The article is about how people use narratives to make meaning from their experiences when tackling the impact on their lives and the consequences of mental health problems. It also goes into recovery and how recovery involves the development of new meaning and purpose in one’s life. The article describes how ‘man’ is involved in a constant interaction with his environment, adapting himself as well as possible to that environment in order to upkeep his own biological system. Using his cognitive capacities a person can make an internal representation of reality that also encompasses how one relates to reality. It is argued that there is a need for a story about oneself and one’s relationship with the world that represents one’s intentions, goals and values in a credible way. The article describes how nurses can respond to service users’ narrative. We will argue that visualization of someone’s narrative contributes to a shared narrative and will stimulate further reflection on the things that are important in life.

Relevance for Clinical Practice

The notions of hope, enaction, adaptation, internal and external representation may assist professionals in supporting and facilitating recovery in mental health care. Beside narrative means that may be applied in clinical practice two unconventional tools have been described to facilitate reflection on the meaning of one’s life. These are: using photography and the Yucel method.

Introduction

In eMenthe, an European funded international educational project between universities of applied sciences to improve mental health nursing, one of the conclusions was that there is a need for a conceptual framework that encompasses key concepts related to emotional intelligence to support mental health nurses in recovery oriented care.

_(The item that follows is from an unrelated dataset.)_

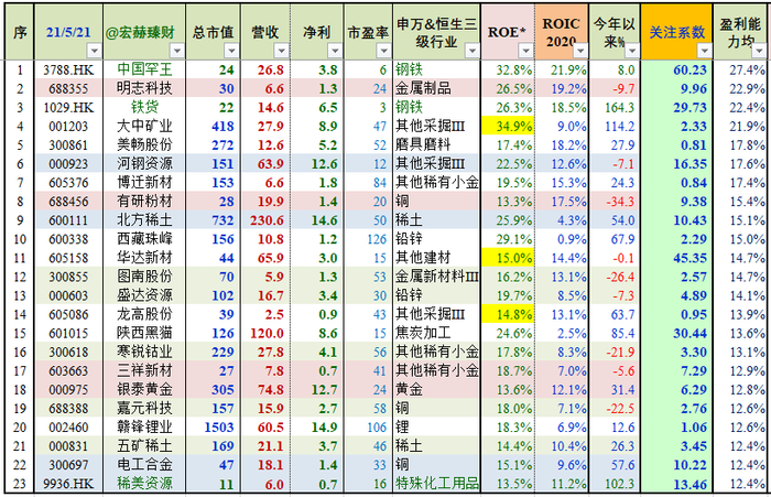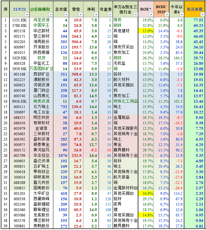 说明:排序按照宏赫臻财原创之关注系数排名,建议优先研究关注系数为5以上的个股,但此系数不构成投资建议。且不一定是越大越好。整体上看,5分以下居多说明该细分行业整体偏高估,资本市场喜欢给予溢价,5分以上居多,说明该细分行业整体偏低估,资本市场往往给予溢价性不强。(建议优先关注次序:①5-10分;②10-20分;③2.5-5分;④其他,回避两头极端值)

In order to be recovery oriented mental health nurses (and their educators) should focus on identity, hope, meaninggiving and empowerment [1]. Mental health nurses must develop emotional intelligence in order to support patients in recovery and become more hopeful. Narratives play a central role because it is through narrative that service users frame a more hopeful future, not determined by disease symptoms.

Recovery can be defined as “a deeply personal, unique process of changing one’s attitudes, values, feelings, goals, skills and/or roles. It is a way of living a satisfying, hopeful, and contributing life even with limitations caused by the illness. Recovery involves the development of new meaning and purpose in one’s life as one grows beyond the catastrophic effects of mental illness” [2]. This definition focuses on how the person gives meaning to experiences in daily life and the values, goals, skills and roles that go with them.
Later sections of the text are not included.